2 milhões de TPS (transações por segundo) é um número extremamente elevado. Para comparação, a capacidade máxima do Visa é cerca de 65.000 TPS, Ethereum atualmente atinge entre 15-30 TPS (com soluções Layer 2 chegando a milhares), e Solana tem um pico teórico de aproximadamente 65.000 TPS (embora na prática seja muito menor, com frequentes quedas por congestionamento). A alegação de Zero de alcançar 200 vezes a capacidade do Visa é impressionante e, se real, representaria uma revolução na tecnologia blockchain.
No entanto, essas afirmações de desempenho extremo devem ser encaradas com cautela. O “triângulo impossível” da blockchain — descentralização, segurança e escalabilidade — mostra que melhorar uma dessas dimensões geralmente sacrifica as outras. Para atingir 2 milhões de TPS, Zero pode precisar comprometer a descentralização ou a segurança. Além disso, o pico teórico muitas vezes difere da capacidade real de operação contínua. Solana, por exemplo, embora possa teoricamente atingir 65.000 TPS, na prática opera muito abaixo disso e já enfrentou várias quedas de rede.
Zero afirma ter alcançado melhorias de 100 vezes em armazenamento (QMDB), computação (FAFO), rede (SVID) e provas de conhecimento zero (Jolt Pro). Se essas melhorias forem concretas, seria um feito de engenharia. Contudo, antes de serem testadas em produção, essas alegações devem ser vistas como uma visão tecnológica, não como fatos comprovados.

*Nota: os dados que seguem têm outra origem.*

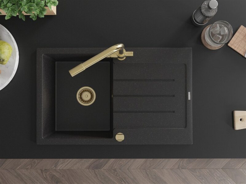 Technické dáta: drez: Rozmer: 795 x 495 x 200 mm Hĺbka komory: 200 mm Rozmery komory: 440×360 mm Priemer odtoku: ø90 mm Typ: 1-miska s odkvapkávačom Typ: Zapustené do pracovnej dosky Farba: čierna/strieborná metalíza Povrchová úprava sifónu: zlatá Materiál: žula (80% žulové kamenivo, 20% živice) Prepadový otvor: Áno Otvory: (batérie, automatické) 2 Inštalácia: Univerzálna, je možné inštalovať s odkvapkávačom na ľavú alebo pravú stranu Vysoká odolnosť proti poškriabaniu a zmene farby Odolnosť proti tepelným šokom Ľahko čistiteľný povrch Dva dodatočné vyfrézované otvory na samodierovanie ø35 kuchynská batéria: Materiál: mosadz Farba: Zlatá Hlava: Keramická Prevzdušňovač: Áno Typ: Dve rukoväte Rozsah výtoku: 235 mm Výška batérie: 315 mm Dvojhlavá batéria s prídavným kanálom pre filtrovanú pitnú vodu(GT) Ean: 5905315025357

Segundo a LayerZero Labs, o projeto já despertou interesse de várias grandes instituições, que planejam explorar aplicações potenciais. A Google Cloud está colaborando com a LayerZero para explorar como agentes de IA podem realizar pagamentos e negociações de pequenas quantias sem precisar de contas bancárias, uma das áreas mais quentes de fusão entre IA e blockchain.
A Intercontinental Exchange (ICE), que controla a Bolsa de Nova York, está considerando usar a plataforma Zero para construir infraestrutura de negociação e liquidação, apoiando operações de mercado 24/7 e a tokenização de garantias. Se a ICE adotar a Zero, isso poderia marcar uma migração significativa de mercados tradicionais para blockchain, um passo importante na integração do setor financeiro tradicional com o mundo cripto.
A DTCC, principal infraestrutura de compensação e liquidação de valores mobiliários nos EUA, também busca usar a Zero para melhorar seus serviços de tokenização e escalabilidade de ativos garantidos. Como processa trilhões de dólares diariamente, o interesse da DTCC indica que a infraestrutura financeira tradicional está seriamente considerando alternativas baseadas em blockchain.
A plataforma de troca descentralizada Global Token Exchange anunciou na terça-feira, em um fórum X, que planeja usar a Zero para criar sua camada de financiamento do sistema descentralizado Turbo. Com melhorias regulatórias e de infraestrutura, cada vez mais instituições financeiras estão entrando no espaço cripto, alimentando uma nova onda de adoção.
O CEO da LayerZero, Bryan Pellegrino, afirmou que a arquitetura do Zero “avança o roteiro do setor pelo menos uma década” e acrescentou: “Acreditamos que podemos usar essa tecnologia para realmente colocar toda a economia global na blockchain.” Embora essa narrativa seja inspiradora, ela ainda requer tempo e aplicações concretas para ser validada.